Tuesday, April 25, 2006

Aidan Higgins

Among the many short works of fiction I've been reading lately have been some stories from Flotsam & Jetsam, by Aidan Higgins, the Irish writer. This is one of the books I acquired in the Big Dalkey Get mentioned previously. I read the first couple of stories and have been admiring his use of the language.

Here are some samples, all from the story "In Old Heidelberg". First:
A weak light left much of the face in shadow. A stiff crown of hair stood on end as though meditations of an intense and pious nature had been rudely interrupted. The face below showed neither surprise nor pleasure. It might have belonged to a disobliging churchman from a bygone time.
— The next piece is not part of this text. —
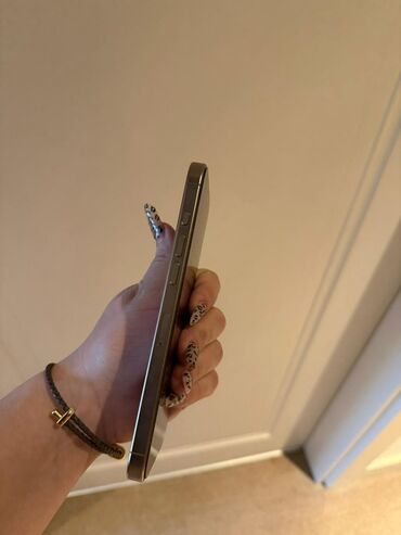 Apple iPhone (Pro seriyası, qara rəng). Arxa paneldə üçlü kamera bloku və LiDAR skanı mövcuddur. Yanlarda səs idarəetmə düymələri və səssiz rejim keçidi. Alt hissədə USB‑C portu və stereo hoparlör ...

A person, moreover, whose chief characteristic seems to be one of waiting and who, whether priest or defunct, is obliged to regard the living with a certain amount of apprehension, and almost resentment, as if by living they delayed the Judgement Day -- as in a sense indeed they did.
And here, describing the work of Irwin, a painter (with links to Wikipedia articles for those art-related items I had to look up):
Delicate colours emerged as though wrung out from their darker background [...] bemused little faces picked out of the surrounding dark by his brush and patience, fainter and more hopeless than the prisoners wilting under endless litigation in a canvas by Forain.

He first laid down a foundation of black and out of this primeval bog, in a month or two of excavating, a misted scene at last emerged -- grey, bled-off, revolving slowly within the frame, colourless as a dream, an image of the caul itself, a thin piping out of the utmost darkness. And it was on these Zöllner's Patterns of paint and canvas that he hung, when his strength was up to it, his better fancies.
And, on the death of Irwin's father:
So they found him, spilling from the oven, survived by wife and son. As it happens that in the marches of history that a people, lacking a voice, lose themselves and are forgotten, so he had been forgotten.